The designers had said they were launching men’s because they wanted to dress themselves. On Thursday night at Stazione Leopolda here during the men’s trade show Pitti Uomo, they took that anchoring idea to the literal extreme in the form of a precisely executed ballet of dressing and undressing.

In almost perfect synchronicity, the designers — stationed at opposite ends of an elevated stage — barely twitched as valets pulled cropped velvet trousers and slim one-button jackets off the rack and slipped them on the designers.

As the piano reached a crescendo and a recorded voice thick in a German accent began chanting “Viktor and Rolf,” the audience, some amused, some baffled, knew the designers were injecting their own form of wit and irony into their debut men’s runway collection.

Once dressed, Viktor and Rolf walked down the runway toward each other, mostly stone-faced, before stopping in the middle to strike a pose — hips popped, fingers meticulously placed on their horn-rimmed glasses.

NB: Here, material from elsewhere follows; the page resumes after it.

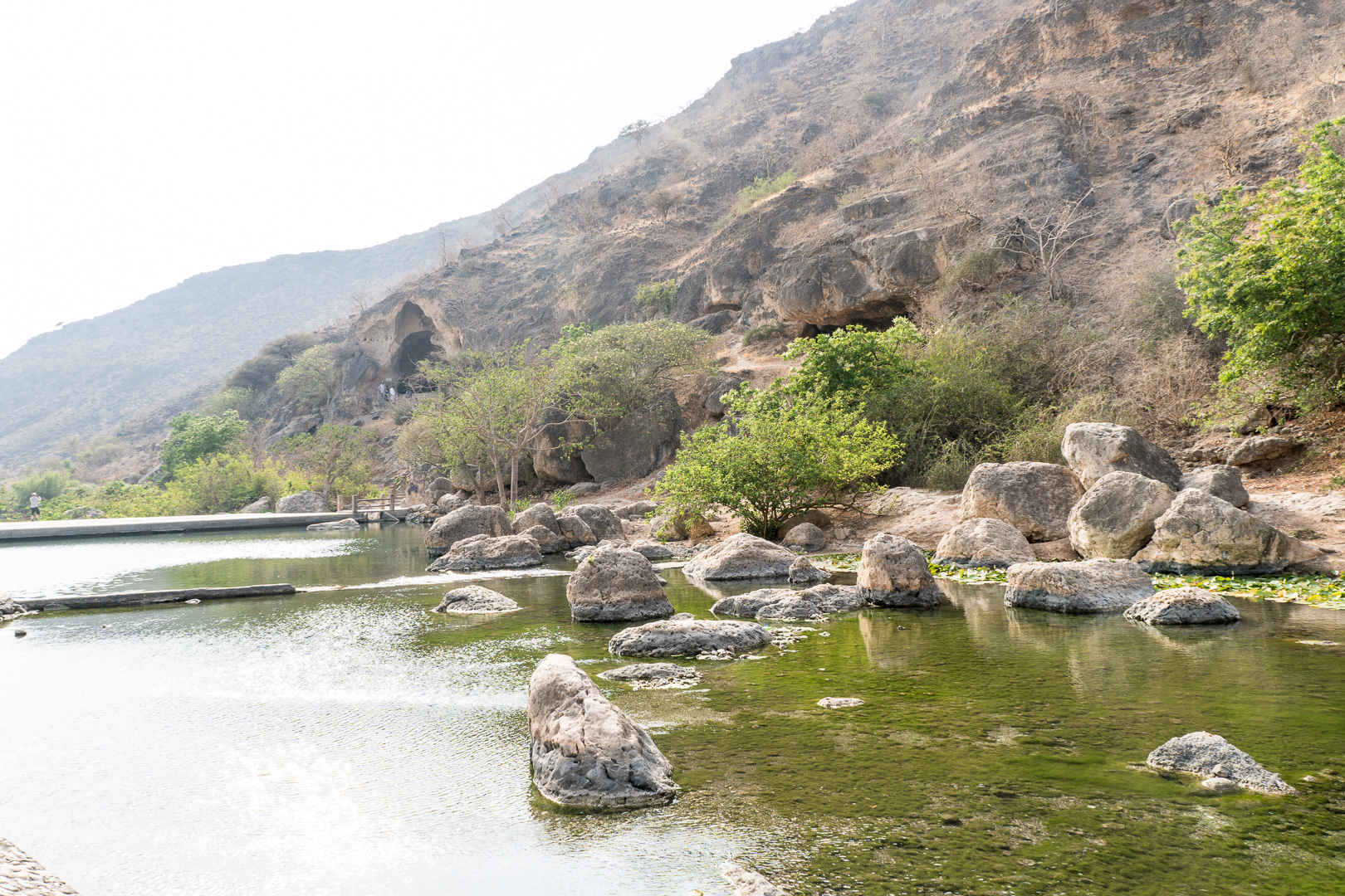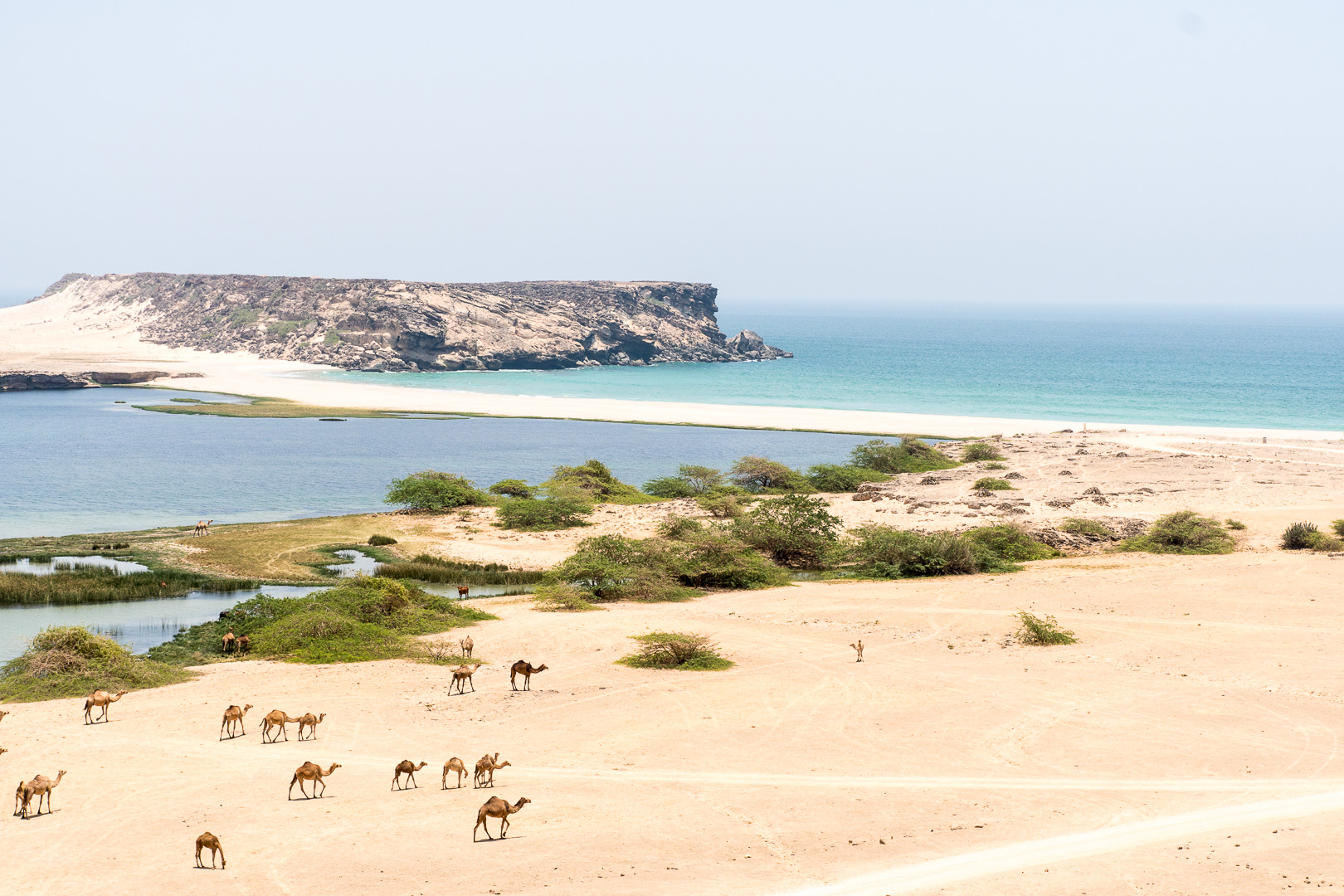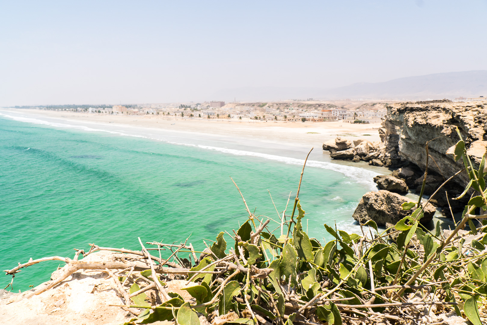 War es bisher in Arabien trocken, wüst und steinig, so präsentierte sich Salalah in geradezu tropischem Grün. Das gilt zumindest für die Küstenregion, das Dhofar-Gebirge im Hinterland ist – bis auf einige Oasen – „Wüste as usual“. Und heiß war es hier wie dort!

All the while that voice bellowed from the soundtrack: “Viktor and Rolf, VIKtor and Rolf, Viktor and ROLF.”

“We rehearsed for a very long time, but we were still very nervous,” Horsting said after the show. “It was a different feeling for us to actually be the ones wearing and showing the clothes.”

The designers braved the catwalk 10 times, modeling a fitted denim tuxedo with black satin lapel, brushed velvet cargo pants, printed shirts covered in mini black top hats and a sweatshirt with “monsieur” across the chest.

Pitti Uomo organizers invited the designers to launch their men’s collection, which is produced by Tuscan-based manufacturer Gibó. It’s the latest project in a series of measures aimed at expanding their presence. Last year, they inked a deal with L’Oréal to launch their first fragrance.

Although not as elaborate or conceptual as their women’s presentations, Viktor & Rolf nonetheless distilled their clever, hyper self-conscious aesthetic into a viable men’s line, or as they like to describe it, “the next element in the Viktor & Rolf universe.”